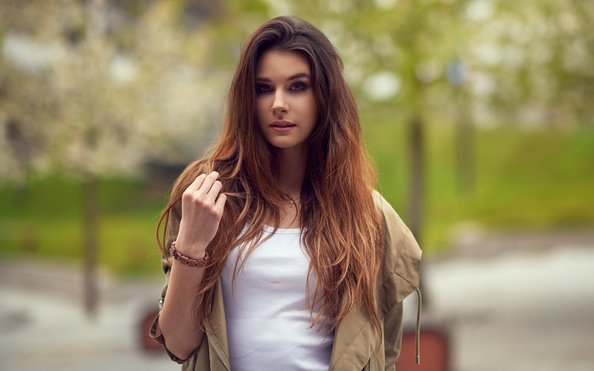 Description: A woman with long hair is standing in the street and holding her hand up to her ear and looking at the camera.
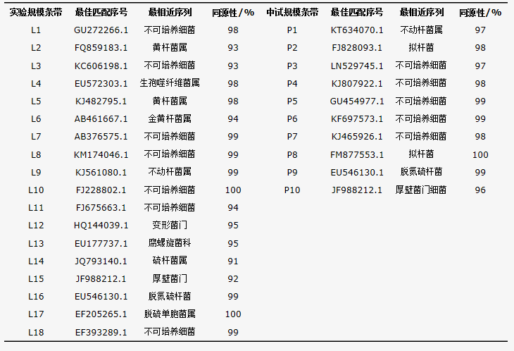 將變性梯度凝膠中與上述相應的條帶切下并進行克隆測序,得到其DNA序列(表3)。結果表明,2種尺度人工濕地都能檢測出不動桿菌屬細菌(Acinetobacter tjernbergiae)、脫氮硫桿菌(Thiobacillus denitrificans)和厚壁菌門細菌(Firmicutes),而實驗室規(guī)模濕地中則存在特有的優(yōu)勢菌屬:黃桿菌屬(Flavobacterium sp.)、金黃桿菌屬(Chryseobacterium sp.)。對于人工濕地的不同組成元素而言,不動桿菌屬細菌主要存在于植物根際,這是因為不動桿菌屬包含能發(fā)生高效聚磷的聚磷菌,而聚磷菌在富集磷時需要好氧條件,根際的泌氧作用為其生成提供條件,因此主要附著在根際區(qū)。2組濕地中共有菌屬中的脫氮桿菌包含能發(fā)生硝化作用的硝化菌,也包含能發(fā)生反硝化作用的反硝化菌;脫硫菌和厚壁菌門細菌中的硫酸鹽還原菌除可脫硫外,也可降解有機污染物。此外,實驗室規(guī)模人工濕地所特有的黃桿菌和金黃桿菌在低氧或無氧條件下具有反硝化脫氮作用,同時也可以降解蛋白質、脂類、纖維素以及芳香烴類等高分子有機物。綜上可知,實驗規(guī)模人工濕地內(nèi)具有優(yōu)于中試濕地的微生物群落數(shù)和能夠降解有機物和氮的微生物種群,所以實驗室規(guī)模人工濕地具有更好的有機物和氮去除能力。
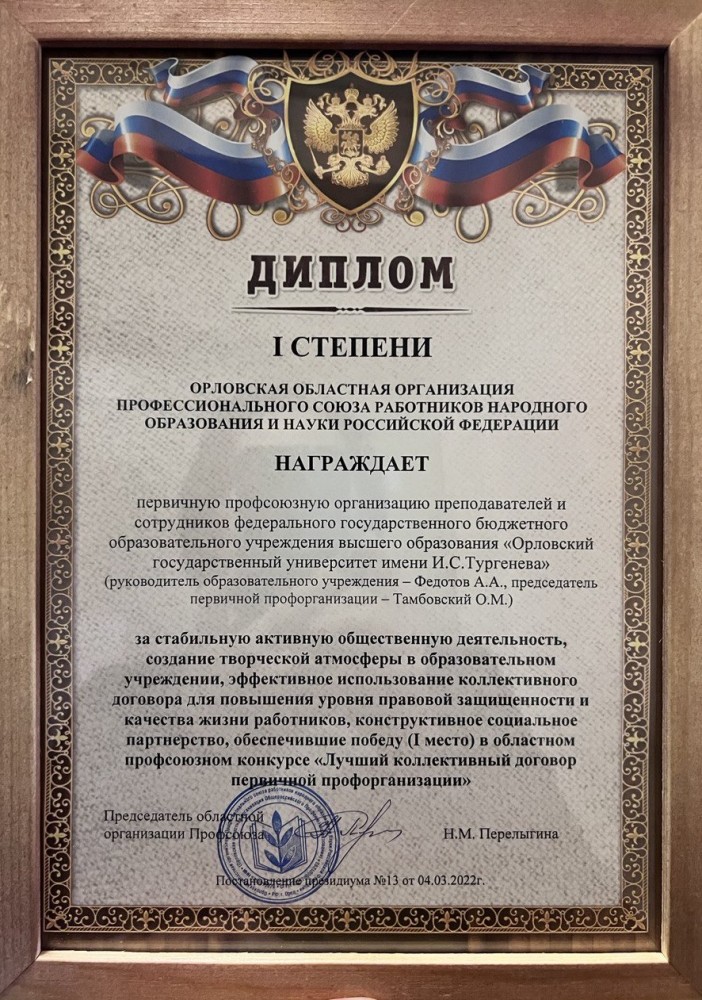 30 октября на заседание Ученого совета Орловского государственного университета имени И.С. Тургенева и.о.ректора Павел Александрович Меркулов вручил Почетную грамоту Центрального совета Профессионального союза работников народного образования и науки РФ Горину Андрею Владимировичу, председателю профсоюзной организации политехнического института имени Н.Н. Поликарпова, кандидату технических наук, доценту кафедры мехатроники, механики и робототехники, за многолетнюю, плодотворную деятельность по защите социально-трудовых прав и профессиональных интересов членов профсоюза, высокий профессионализм и ответственность, активную жизненную позицию.
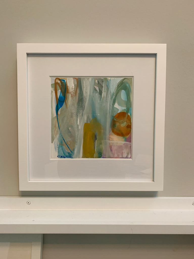 I find ultimate freedom in abstract expressionism and as such, I’m in search of the best way to convey who I am at the moment of creating. It is not to say it is a free-for-all; there is still structure within. I implement the same principles that realist painters employ with the absence of representation: composition, hierarchy, variety, juxtaposition are vital to a successful painting. But I do not limit myself to one medium or the other. I work in oil, acrylics and gouache and depending on what I’m exploring at the time I will choose one or more to express it. I also explore through a combination of paint and collage. It is through all of these various methods and mediums that I am able to share my fullest expression of self and my authenticity. My paintings ultimately are self portraits that are created from both past experiences and also future hopes and dreams. It is my goal to invoke a feeling for the viewer. When it does I have succeede
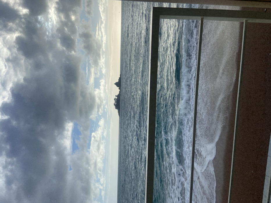 The image depicts a coastal scene in Petrovac centar, Montenegro, observed from an elevated perspective, likely a balcony. In the immediate foreground, a light-colored metallic railing, consisting of a top bar, two horizontal intermediate bars, and vertical supports, bisects the lower half of the frame. Below the railing, a reddish-brown pebbled beach is visible, with white foam from receding waves extending onto the shore. The sea occupies the midground, characterized by choppy, dark turquoise-blue water with discernible waves. In the distance, two small rocky islands are situated on the horizon. The left island is larger and features several small trees or shrubs at its summit. The right island is smaller, conical in shape, and appears to have a small structure, possibly a chapel, on its peak. The sky above is largely overcast with dense, dark grey clouds, though patches of lighter clouds and some areas of blue sky are visible, particularly towards the left horizon. Sunlight partially breaks through the clouds on the far right horizon, casting a faint glow. No individuals are present in the scene.
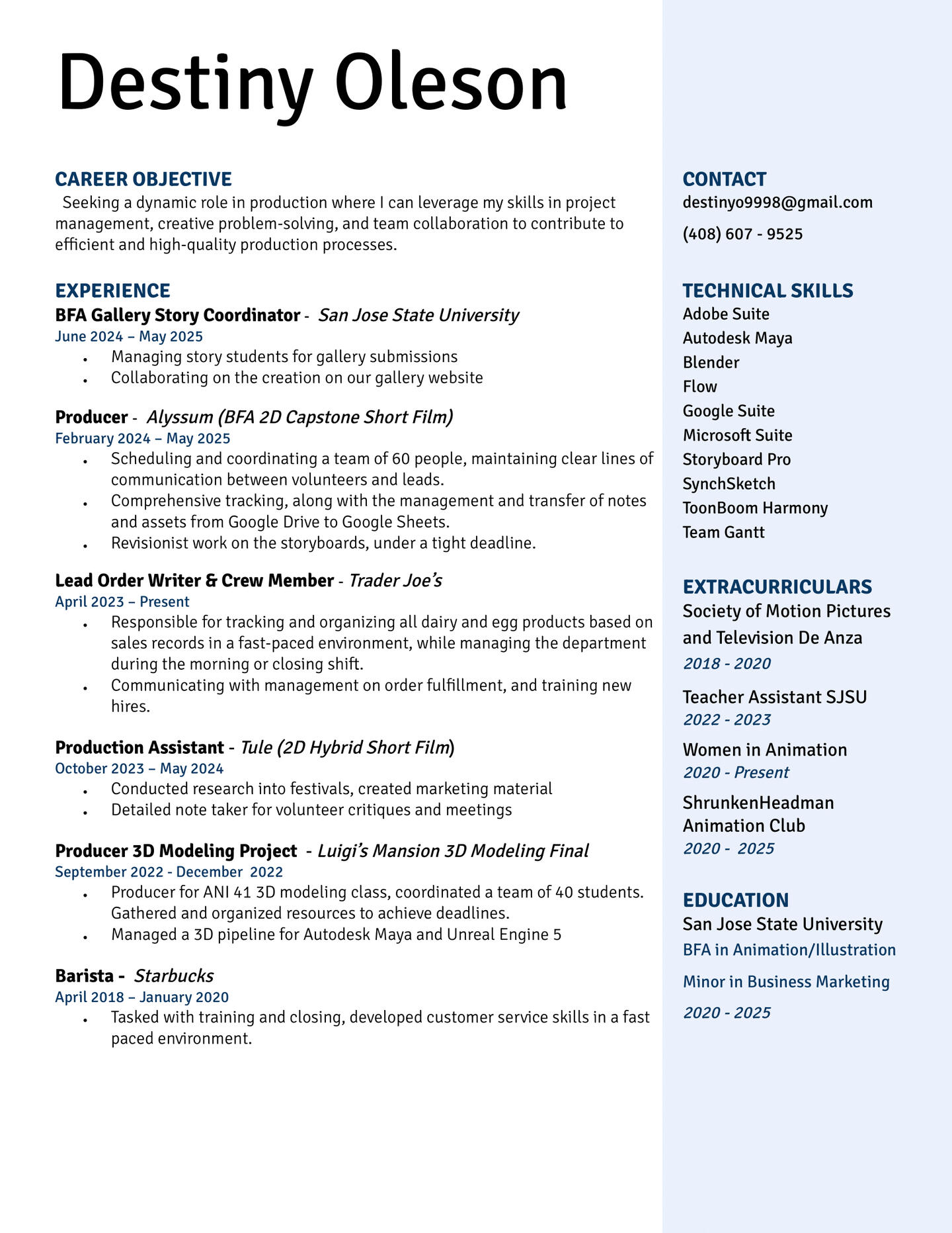 Destiny Oleson is passionate about production and story development.She has a BFA in Animation with a minor in marketing. She is seeking a dynamic role in production where I can leverage my skills in project management, creative problem-solving, and team collaboration to contribute to efficient and high-quality production processes.Contact:

= = = =

To do
Output every line of the records exactly, excluding all pictures.

Response to this task
 Description: A woman with long hair is standing in the street and holding her hand up to her ear and looking at the camera.
 將變性梯度凝膠中與上述相應的條帶切下并進行克隆測序,得到其DNA序列(表3)。結果表明,2種尺度人工濕地都能檢測出不動桿菌屬細菌(Acinetobacter tjernbergiae)、脫氮硫桿菌(Thiobacillus denitrificans)和厚壁菌門細菌(Firmicutes),而實驗室規(guī)模濕地中則存在特有的優(yōu)勢菌屬:黃桿菌屬(Flavobacterium sp.)、金黃桿菌屬(Chryseobacterium sp.)。對于人工濕地的不同組成元素而言,不動桿菌屬細菌主要存在于植物根際,這是因為不動桿菌屬包含能發(fā)生高效聚磷的聚磷菌,而聚磷菌在富集磷時需要好氧條件,根際的泌氧作用為其生成提供條件,因此主要附著在根際區(qū)。2組濕地中共有菌屬中的脫氮桿菌包含能發(fā)生硝化作用的硝化菌,也包含能發(fā)生反硝化作用的反硝化菌;脫硫菌和厚壁菌門細菌中的硫酸鹽還原菌除可脫硫外,也可降解有機污染物。此外,實驗室規(guī)模人工濕地所特有的黃桿菌和金黃桿菌在低氧或無氧條件下具有反硝化脫氮作用,同時也可以降解蛋白質、脂類、纖維素以及芳香烴類等高分子有機物。綜上可知,實驗規(guī)模人工濕地內(nèi)具有優(yōu)于中試濕地的微生物群落數(shù)和能夠降解有機物和氮的微生物種群,所以實驗室規(guī)模人工濕地具有更好的有機物和氮去除能力。
 30 октября на заседание Ученого совета Орловского государственного университета имени И.С. Тургенева и.о.ректора Павел Александрович Меркулов вручил Почетную грамоту Центрального совета Профессионального союза работников народного образования и науки РФ Горину Андрею Владимировичу, председателю профсоюзной организации политехнического института имени Н.Н. Поликарпова, кандидату технических наук, доценту кафедры мехатроники, механики и робототехники, за многолетнюю, плодотворную деятельность по защите социально-трудовых прав и профессиональных интересов членов профсоюза, высокий профессионализм и ответственность, активную жизненную позицию.
 I find ultimate freedom in abstract expressionism and as such, I’m in search of the best way to convey who I am at the moment of creating. It is not to say it is a free-for-all; there is still structure within. I implement the same principles that realist painters employ with the absence of representation: composition, hierarchy, variety, juxtaposition are vital to a successful painting. But I do not limit myself to one medium or the other. I work in oil, acrylics and gouache and depending on what I’m exploring at the time I will choose one or more to express it. I also explore through a combination of paint and collage. It is through all of these various methods and mediums that I am able to share my fullest expression of self and my authenticity. My paintings ultimately are self portraits that are created from both past experiences and also future hopes and dreams. It is my goal to invoke a feeling for the viewer. When it does I have succeede
 The image depicts a coastal scene in Petrovac centar, Montenegro, observed from an elevated perspective, likely a balcony. In the immediate foreground, a light-colored metallic railing, consisting of a top bar, two horizontal intermediate bars, and vertical supports, bisects the lower half of the frame. Below the railing, a reddish-brown pebbled beach is visible, with white foam from receding waves extending onto the shore. The sea occupies the midground, characterized by choppy, dark turquoise-blue water with discernible waves. In the distance, two small rocky islands are situated on the horizon. The left island is larger and features several small trees or shrubs at its summit. The right island is smaller, conical in shape, and appears to have a small structure, possibly a chapel, on its peak. The sky above is largely overcast with dense, dark grey clouds, though patches of lighter clouds and some areas of blue sky are visible, particularly towards the left horizon. Sunlight partially breaks through the clouds on the far right horizon, casting a faint glow. No individuals are present in the scene.
 Destiny Oleson is passionate about production and story development.She has a BFA in Animation with a minor in marketing. She is seeking a dynamic role in production where I can leverage my skills in project management, creative problem-solving, and team collaboration to contribute to efficient and high-quality production processes.Contact:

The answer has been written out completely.